Entries shown:
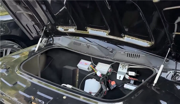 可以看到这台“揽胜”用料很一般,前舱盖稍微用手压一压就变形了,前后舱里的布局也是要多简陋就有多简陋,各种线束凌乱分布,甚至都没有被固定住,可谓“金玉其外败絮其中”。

==

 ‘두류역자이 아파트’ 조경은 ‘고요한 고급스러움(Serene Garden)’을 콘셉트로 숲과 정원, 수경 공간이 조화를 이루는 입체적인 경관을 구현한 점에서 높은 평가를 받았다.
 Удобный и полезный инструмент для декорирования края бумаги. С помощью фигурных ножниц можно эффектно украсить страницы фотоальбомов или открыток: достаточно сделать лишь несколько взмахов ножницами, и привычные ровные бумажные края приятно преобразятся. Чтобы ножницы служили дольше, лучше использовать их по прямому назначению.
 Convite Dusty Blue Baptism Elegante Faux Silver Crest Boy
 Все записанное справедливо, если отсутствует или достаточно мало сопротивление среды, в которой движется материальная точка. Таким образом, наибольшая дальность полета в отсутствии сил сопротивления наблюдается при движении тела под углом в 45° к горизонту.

--

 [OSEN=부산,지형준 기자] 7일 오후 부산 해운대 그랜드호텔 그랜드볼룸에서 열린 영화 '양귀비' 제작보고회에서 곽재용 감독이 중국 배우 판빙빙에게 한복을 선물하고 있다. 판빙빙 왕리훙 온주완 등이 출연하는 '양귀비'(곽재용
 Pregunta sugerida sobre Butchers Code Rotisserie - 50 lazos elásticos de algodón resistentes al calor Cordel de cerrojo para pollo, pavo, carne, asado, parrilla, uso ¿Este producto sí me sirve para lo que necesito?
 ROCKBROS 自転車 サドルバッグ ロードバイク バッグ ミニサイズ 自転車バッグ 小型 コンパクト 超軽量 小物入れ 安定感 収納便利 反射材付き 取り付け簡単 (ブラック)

What to work on:
From the data above, output exactly the lines between the one containing "Convite Dusty Blue" and the one containing "Все записанное справедливо, если", counting both of them.

Exercise result:
 Convite Dusty Blue Baptism Elegante Faux Silver Crest Boy
 Все записанное справедливо, если отсутствует или достаточно мало сопротивление среды, в которой движется материальная точка. Таким образом, наибольшая дальность полета в отсутствии сил сопротивления наблюдается при движении тела под углом в 45° к горизонту.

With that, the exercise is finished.